1.2 The UNIX Operating System

1.2 The UNIX Operating System
Like DOS and Windows, there’s
another operating system called UNIX. It arrived earlier than the other two,
and stayed back late enough to give us the Internet. UNIX is a giant operating
system, and is way ahead of them in sheer power. It has practically everything
an operating system should have, and several features which other operating
systems never had. Its richness and elegance go beyond the commands and tools
that constitute it, while simplicity permeates the entire system. It runs on
practically every hardware and provided inspiration to the Open Source
movement.
However, UNIX also makes many
demands of the user.

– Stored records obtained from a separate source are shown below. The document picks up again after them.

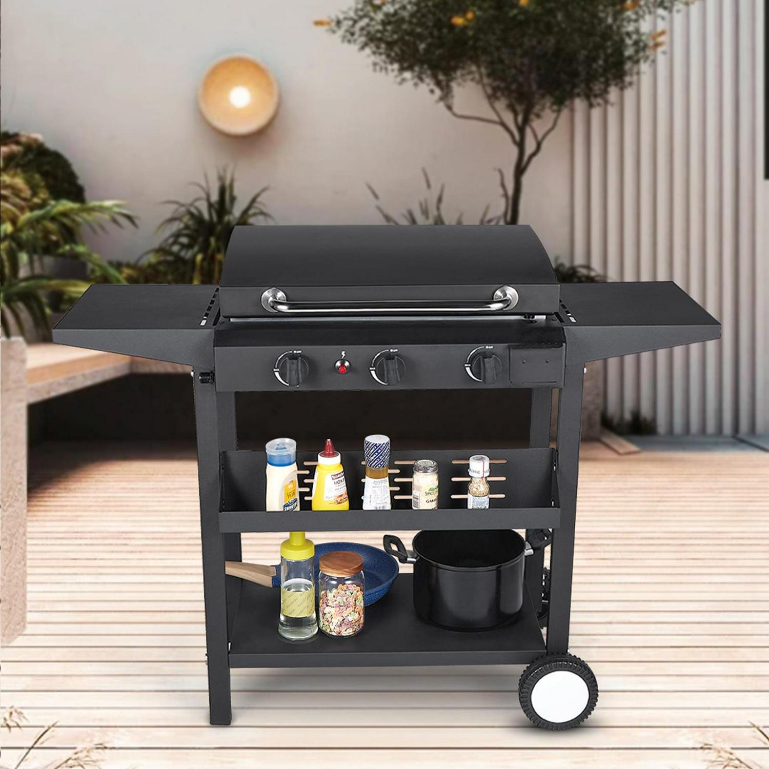 3 control knobs allow you to adjust the temperature of different heating zones. 2 side table and bottom shelf offer sufficient storage space for you. It s ideal for cooking eggs, pancakes, bacon, steak, potatoes and other grilled food. You can use it in patio, garden, backyard, etc.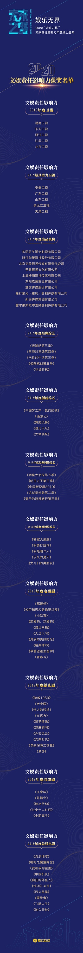 除了参与者的干货输出,今年的“娱乐无限——2020‘通向未来之路’娱乐责任影响年度在线仪式”也发布了“娱乐责任影响奖名单”。该奖项的评选基于无污染的酷云数据,并鼓励卫星电视、制片人和制片人在2019年为无数观众创作高质量的作品,并带来充分的情感。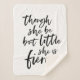 Elegante manta literaria con escritura de pincel negro de la cita "aunque sea pequeña es feroz" de A MidSummer Night's Dream de William Shakespeare con un fondo blanco. *Tenga en cuenta que la marca de agua Zazzle que aparece en la vista previa del zoom NO aparecerá en el producto impreso final. © Rosewood y Citrus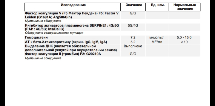 Гомоцистеин 7.2, мутации выявлена только паи в гетерозиготе. Я в этом просто полный ноль, не знаю на сколько это страшно. Гемостаз в беременность никто и не назначал, доходила так до 11 недель. Когда узнала что замер, брали кровь, все в норме, только фибриноген был слегка выше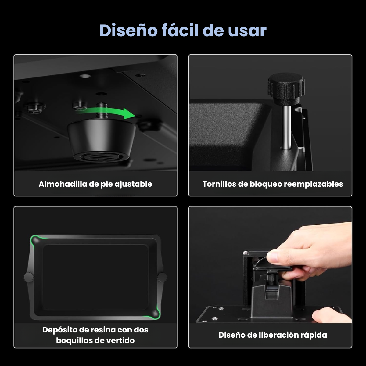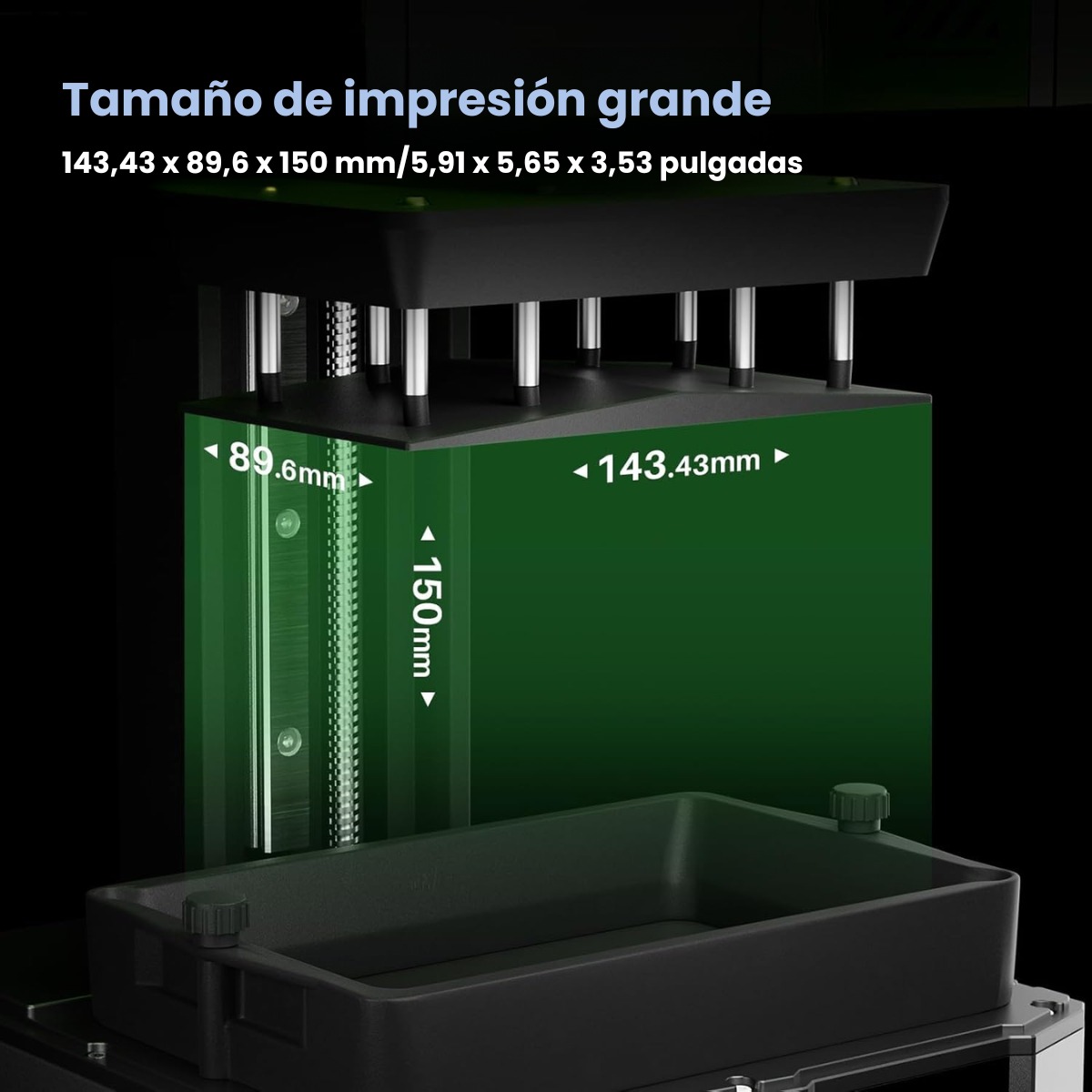 Pantalla LCD Monocromática 4K: Equipada con una pantalla LCD monocromática de 6.6 pulgadas que ofrece una resolución de 4098 x 2560 píxeles, garantizando detalles nítidos y superficies lisas en cada impresión.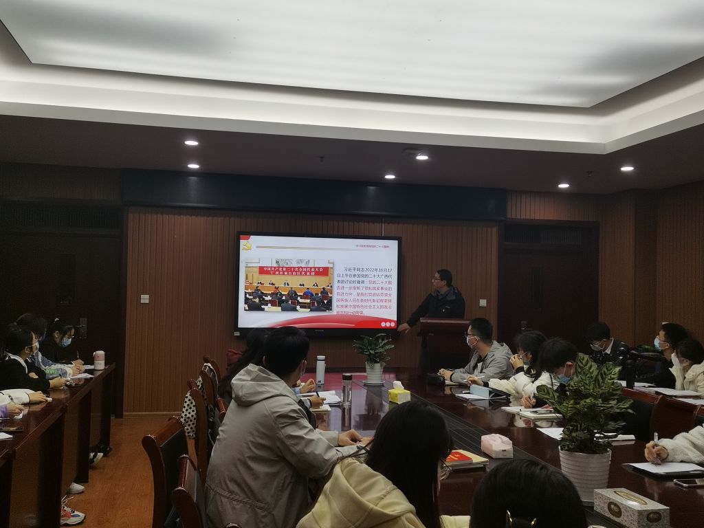 党委书记汪俊武为化学系本科生第一党支部、研究生第一党支部全体党员讲授“学习宣传贯彻党的二十大精神”专题党课,化学系本科生第一党支部书记吴钰濛主持。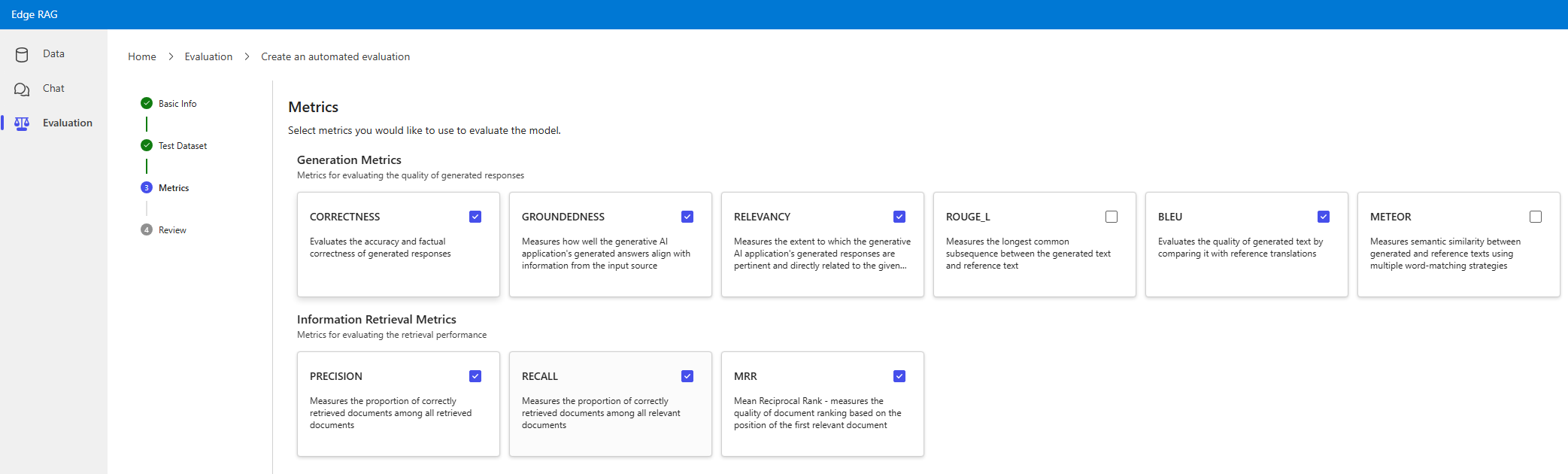 RAG 시스템에 대해 평가하려는 메트릭을 선택합니다.

It requires a different type of commitment to understand
the subject, even when the user is an experienced computer professional. It
introduces certain concepts not known to the computing community before, and
uses numerous symbols whose meanings are anything but obvious. It achieves
unusual tasks with a few keystrokes, but it takes time to devise a sequence of
them for a specific task. Often, it doesn’t tell you whether you are right or
wrong, and doesn’t warn you of the consequences of your actions. That is
probably the reason why many people still prefer to stay away from UNIX.

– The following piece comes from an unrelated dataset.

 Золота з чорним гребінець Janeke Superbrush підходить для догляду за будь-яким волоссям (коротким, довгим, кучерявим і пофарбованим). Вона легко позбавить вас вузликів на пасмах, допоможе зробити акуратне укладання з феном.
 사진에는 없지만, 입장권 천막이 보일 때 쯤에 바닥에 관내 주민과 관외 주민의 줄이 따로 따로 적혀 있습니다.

You interact with a UNIX system
through a command interpreter called the shell. Key in a word, and the shell
interprets it as a command to be executed. A command may already exist on the
system as one of several hundred native tools or it could be one written by
you. However, the power of UNIX lies in combining these commands in the same
way the English language lets you combine words to generate a meaningful idea.

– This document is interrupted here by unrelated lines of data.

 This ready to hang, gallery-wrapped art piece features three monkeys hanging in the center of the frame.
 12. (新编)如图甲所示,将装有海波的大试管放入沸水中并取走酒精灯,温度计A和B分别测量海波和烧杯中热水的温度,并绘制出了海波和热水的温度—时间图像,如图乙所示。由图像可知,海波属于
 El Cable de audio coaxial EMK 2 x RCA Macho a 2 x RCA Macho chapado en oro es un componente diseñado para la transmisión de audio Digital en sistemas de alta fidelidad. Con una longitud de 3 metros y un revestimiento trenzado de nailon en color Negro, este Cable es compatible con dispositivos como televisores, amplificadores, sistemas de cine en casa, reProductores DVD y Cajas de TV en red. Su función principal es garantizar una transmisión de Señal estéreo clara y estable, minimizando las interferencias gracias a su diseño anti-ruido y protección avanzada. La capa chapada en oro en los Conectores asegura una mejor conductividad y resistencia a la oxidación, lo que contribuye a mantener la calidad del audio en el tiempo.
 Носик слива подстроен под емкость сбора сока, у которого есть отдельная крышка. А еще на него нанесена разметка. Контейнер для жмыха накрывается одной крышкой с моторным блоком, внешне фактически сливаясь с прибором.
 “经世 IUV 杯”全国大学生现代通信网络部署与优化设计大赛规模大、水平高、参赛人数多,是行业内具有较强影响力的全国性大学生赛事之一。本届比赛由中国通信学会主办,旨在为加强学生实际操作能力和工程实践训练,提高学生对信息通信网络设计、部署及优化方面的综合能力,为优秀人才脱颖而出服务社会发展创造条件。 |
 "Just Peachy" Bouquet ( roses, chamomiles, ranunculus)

As you walk through the chapters of the text, you’ll soon discover that this is
a major strength of the system.
Kernighan and Pike (The UNIX
Programming Environment, Prentice-Hall) lamented long ago that “as the UNIX
system has spread, the fraction of its users who are skilled in its application
has decreased.” Many people still use the system as they would use any other
operating system, and continue to write comprehensive programs that have
already been written before. Beginners with some experience in DOS and Windows
think of UNIX in terms of them, quite oblivious of the fact that UNIX has much
more of offer. Though references to DOS/Windows have often been made whenever a
similar feature was encountered, the similarities end there too. You should not
let them get in the way of the UNIX experience.